** SUPPLIED ENTRIES follows **

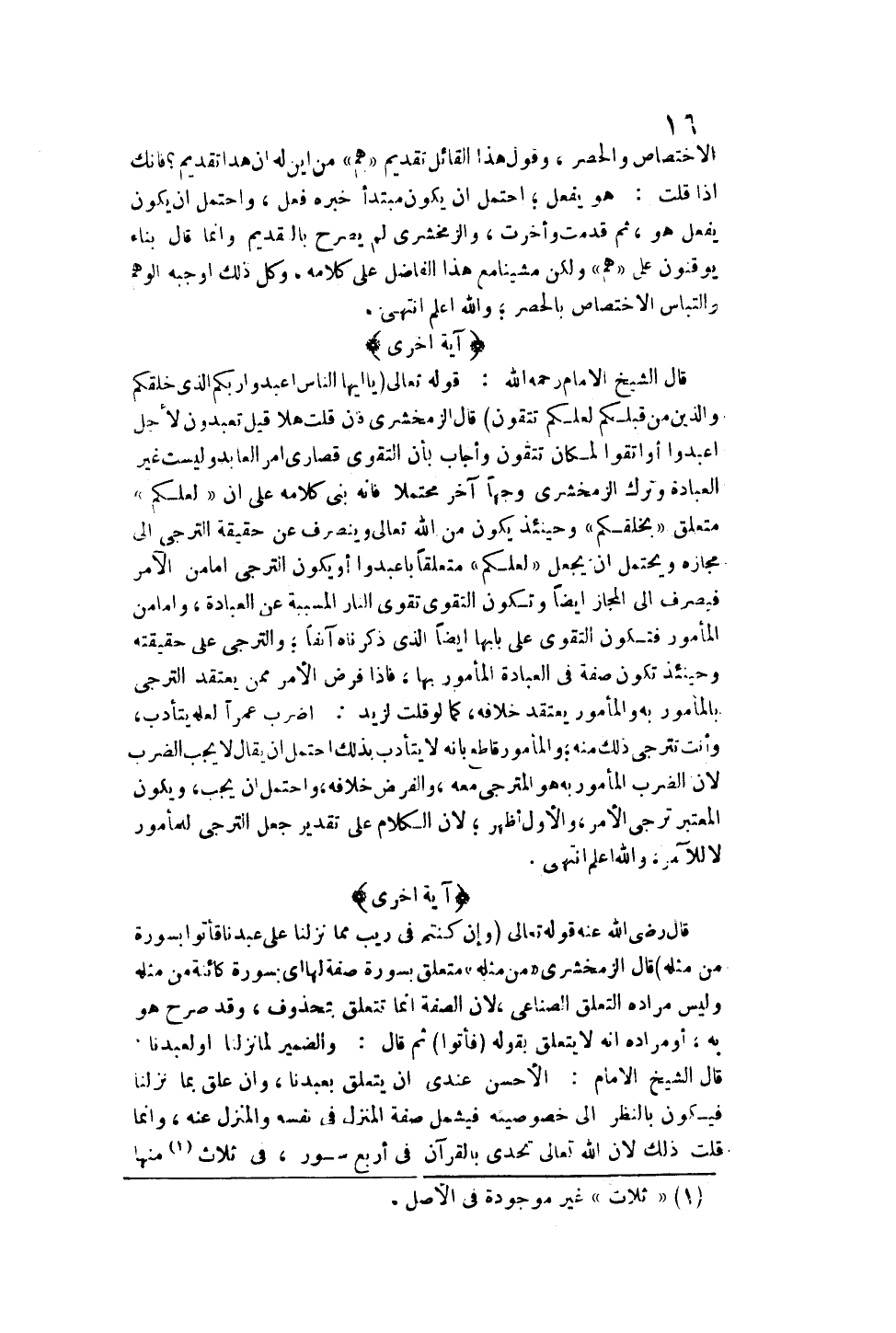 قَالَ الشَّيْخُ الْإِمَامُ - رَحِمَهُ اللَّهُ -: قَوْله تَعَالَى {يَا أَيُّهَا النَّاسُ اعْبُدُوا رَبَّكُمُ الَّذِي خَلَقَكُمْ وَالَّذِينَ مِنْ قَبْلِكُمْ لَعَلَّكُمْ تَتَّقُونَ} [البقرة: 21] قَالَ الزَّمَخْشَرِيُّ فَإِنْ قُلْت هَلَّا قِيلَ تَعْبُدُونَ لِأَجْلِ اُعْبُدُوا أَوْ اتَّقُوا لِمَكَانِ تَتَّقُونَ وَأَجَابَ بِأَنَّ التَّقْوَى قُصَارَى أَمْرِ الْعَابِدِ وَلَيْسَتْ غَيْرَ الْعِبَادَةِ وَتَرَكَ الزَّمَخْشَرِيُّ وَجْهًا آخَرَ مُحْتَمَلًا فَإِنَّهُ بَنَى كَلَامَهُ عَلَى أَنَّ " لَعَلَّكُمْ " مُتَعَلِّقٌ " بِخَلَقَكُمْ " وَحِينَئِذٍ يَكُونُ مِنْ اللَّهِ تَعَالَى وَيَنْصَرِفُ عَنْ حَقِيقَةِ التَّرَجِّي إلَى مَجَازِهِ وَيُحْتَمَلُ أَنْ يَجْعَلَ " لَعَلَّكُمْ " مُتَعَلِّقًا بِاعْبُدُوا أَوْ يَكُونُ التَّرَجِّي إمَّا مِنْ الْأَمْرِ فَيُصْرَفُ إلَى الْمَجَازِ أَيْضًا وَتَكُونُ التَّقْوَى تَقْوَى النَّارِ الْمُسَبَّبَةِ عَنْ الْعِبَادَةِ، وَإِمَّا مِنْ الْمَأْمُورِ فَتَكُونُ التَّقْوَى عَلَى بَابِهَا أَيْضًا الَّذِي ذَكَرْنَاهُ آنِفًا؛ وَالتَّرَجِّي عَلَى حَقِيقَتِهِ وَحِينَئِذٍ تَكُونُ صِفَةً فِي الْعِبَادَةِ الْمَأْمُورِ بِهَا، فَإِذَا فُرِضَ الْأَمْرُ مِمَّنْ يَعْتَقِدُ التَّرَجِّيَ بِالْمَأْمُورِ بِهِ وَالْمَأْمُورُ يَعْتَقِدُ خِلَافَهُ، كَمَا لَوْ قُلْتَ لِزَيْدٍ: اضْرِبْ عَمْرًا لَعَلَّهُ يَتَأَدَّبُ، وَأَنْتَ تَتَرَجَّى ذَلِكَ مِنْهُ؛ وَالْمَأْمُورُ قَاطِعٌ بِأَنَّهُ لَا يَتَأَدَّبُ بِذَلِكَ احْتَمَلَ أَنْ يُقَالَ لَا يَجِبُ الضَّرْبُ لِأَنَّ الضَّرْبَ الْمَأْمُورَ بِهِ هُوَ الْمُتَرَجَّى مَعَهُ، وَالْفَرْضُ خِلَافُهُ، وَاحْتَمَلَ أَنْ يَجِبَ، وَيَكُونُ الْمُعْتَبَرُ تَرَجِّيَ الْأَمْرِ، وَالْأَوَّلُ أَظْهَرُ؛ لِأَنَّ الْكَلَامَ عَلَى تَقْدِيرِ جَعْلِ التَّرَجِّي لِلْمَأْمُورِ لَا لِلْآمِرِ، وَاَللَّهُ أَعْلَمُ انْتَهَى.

** End of SUPPLIED ENTRIES **
** SUPPLIED ENTRIES follows **

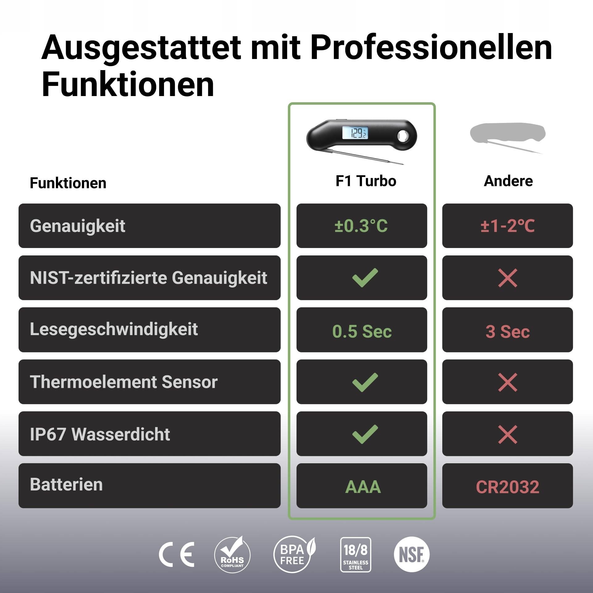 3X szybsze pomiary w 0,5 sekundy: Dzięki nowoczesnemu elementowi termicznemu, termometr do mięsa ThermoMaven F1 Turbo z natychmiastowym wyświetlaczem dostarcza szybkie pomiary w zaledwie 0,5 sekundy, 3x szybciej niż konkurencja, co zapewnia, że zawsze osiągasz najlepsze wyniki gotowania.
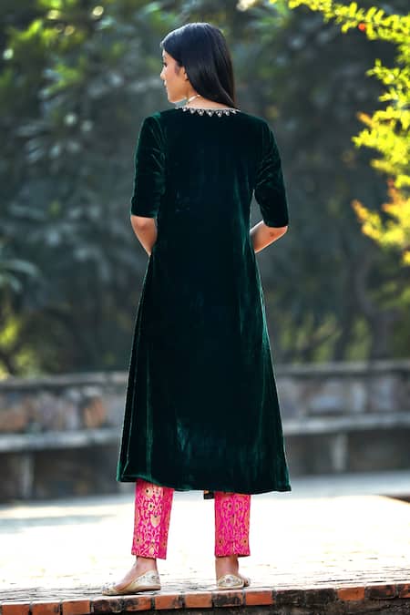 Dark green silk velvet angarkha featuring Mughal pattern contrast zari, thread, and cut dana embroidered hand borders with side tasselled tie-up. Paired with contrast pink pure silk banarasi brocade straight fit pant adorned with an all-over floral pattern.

** End of SUPPLIED ENTRIES **
** SUPPLIED ENTRIES follows **

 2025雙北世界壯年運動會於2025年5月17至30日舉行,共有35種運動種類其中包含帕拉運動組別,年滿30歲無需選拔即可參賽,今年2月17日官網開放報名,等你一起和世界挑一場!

** End of SUPPLIED ENTRIES **

== TASK STATEMENT ==
Although pictures appear among the records above, none are to be output; print exactly the lines from the line containing "3X szybsze pomiary" through the line containing "Dark green silk".

== RESULT FOR THIS TASK ==
 3X szybsze pomiary w 0,5 sekundy: Dzięki nowoczesnemu elementowi termicznemu, termometr do mięsa ThermoMaven F1 Turbo z natychmiastowym wyświetlaczem dostarcza szybkie pomiary w zaledwie 0,5 sekundy, 3x szybciej niż konkurencja, co zapewnia, że zawsze osiągasz najlepsze wyniki gotowania.
 Dark green silk velvet angarkha featuring Mughal pattern contrast zari, thread, and cut dana embroidered hand borders with side tasselled tie-up. Paired with contrast pink pure silk banarasi brocade straight fit pant adorned with an all-over floral pattern.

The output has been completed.